Magnolia officinalis Extract Contains Potent Inhibitors against PTP1B and Attenuates Hyperglycemia in db/db Mice

1Edmond H. Fischer Signal Transduction Laboratory, School of Life Sciences, Jilin University, Changchun 130012, China
2Academy of Traditional Chinese Medicine and Chinese Medicinal Materials of Jilin Province, Changchun 130012, China
3Changchun Institute of Applied Chemistry, Chinese Academy of Sciences, Changchun 130022, China
4Department of Colorectal and Anal Surgery, The Second Hospital, Jilin University, Changchun 130041, China

Received 2 February 2015; Revised 14 April 2015; Accepted 23 April 2015

Academic Editor: Julian Weghuber

Copyright © 2015 Jing Sun et al.
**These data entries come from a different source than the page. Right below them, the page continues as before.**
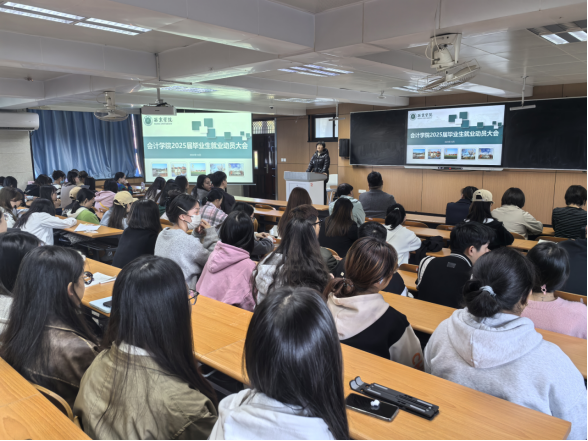 一直以来,会计学院学院始终高度重视毕业生的就业工作。就业动员大会的顺利召开,帮助同学们更好地了解了当前的就业形势,让同学们对未来职业道路也有了更加明确的认识。衷心祝愿每一位2025届毕业生都能找到心仪的工作,开启精彩的人生旅程!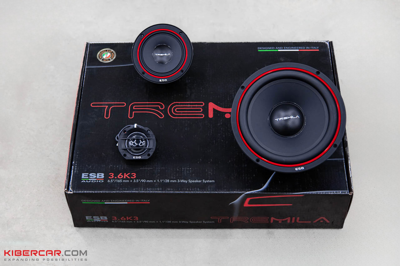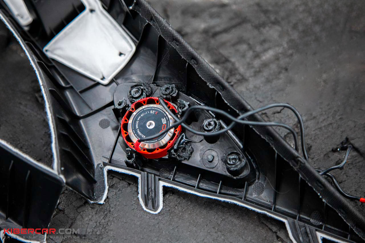 Но и этими изменениями мы не ограничились. Также заменили фронтальную трехполосную акустику, мидбасы, среднечастотные и высокочастотные динамики на итальянскую акустику ESB Audio Tremila. Все компоненты подключили поканально к процессорному усилителю. Для мидбасов дополнительного изготовили проставочные кольца, чтобы они фиксировались максимально плотно, и сделали полную шумоизоляцию.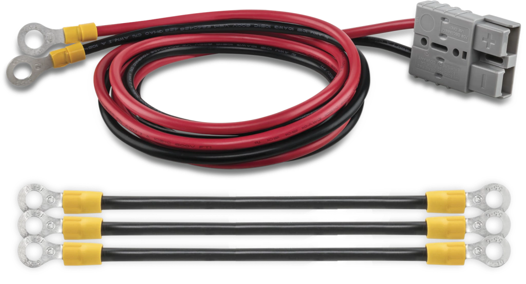 O cabo de engate rápido CBO 603 facilita a conexão de baterias externas em nobreaks, eliminando a necessidade de ferramentas ou processos demorados. Com o conector SB 50 padrão Anderson, basta encaixar o cabo principal na saída do nobreak e fixar os terminais tipo olhal de 8 mm nas baterias, garantindo contato seguro e estável. O conjunto inclui três cabos de série para interligação em diferentes configurações de tensão, permitindo expandir o banco de baterias conforme a demanda de autonomia.

This is an open access article distributed under the Creative Commons Attribution License, which permits unrestricted use, distribution, and reproduction in any medium, provided the original work is properly cited.

Abstract

Protein tyrosine phosphatase 1B (PTP1B) is an established therapeutic target for type 2 diabetes mellitus (T2DM) and obesity. The aim of this study was to investigate the inhibitory activity of Magnolia officinalis extract (ME) on PTP1B and its anti-T2DM effects. Inhibition assays and inhibition kinetics of ME were performed in vitro. 3T3-L1 adipocytes and C2C12 myotubes were stimulated with ME to explore its bioavailability in cell level. The in vivo studies were performed on db/db mice to probe its anti-T2DM effects. In the present study, ME inhibited PTP1B in a reversible competitive manner and displayed good selectivity against PTPs in vitro. Furthermore, ME enhanced tyrosine phosphorylation levels of cellular proteins, especially the insulin-induced tyrosine phosphorylations of insulin receptor β-subunit (IRβ) and ERK1/2 in a dose-dependent manner in stimulated 3T3-L1 adipocytes and C2C12 myotubes. Meanwhile, ME enhanced insulin-stimulated GLUT4 translocation. More importantly, there was a significant decrease in fasting plasma glucose level of db/db diabetic mice treated orally with 0.5 g/kg ME for 4 weeks. These findings indicated that improvement of insulin sensitivity and hypoglycemic effects of ME may be attributed to the inhibition of PTP1B. Thereby, we pioneered the inhibitory potential of ME targeted on PTP1B as anti-T2DM drug discovery.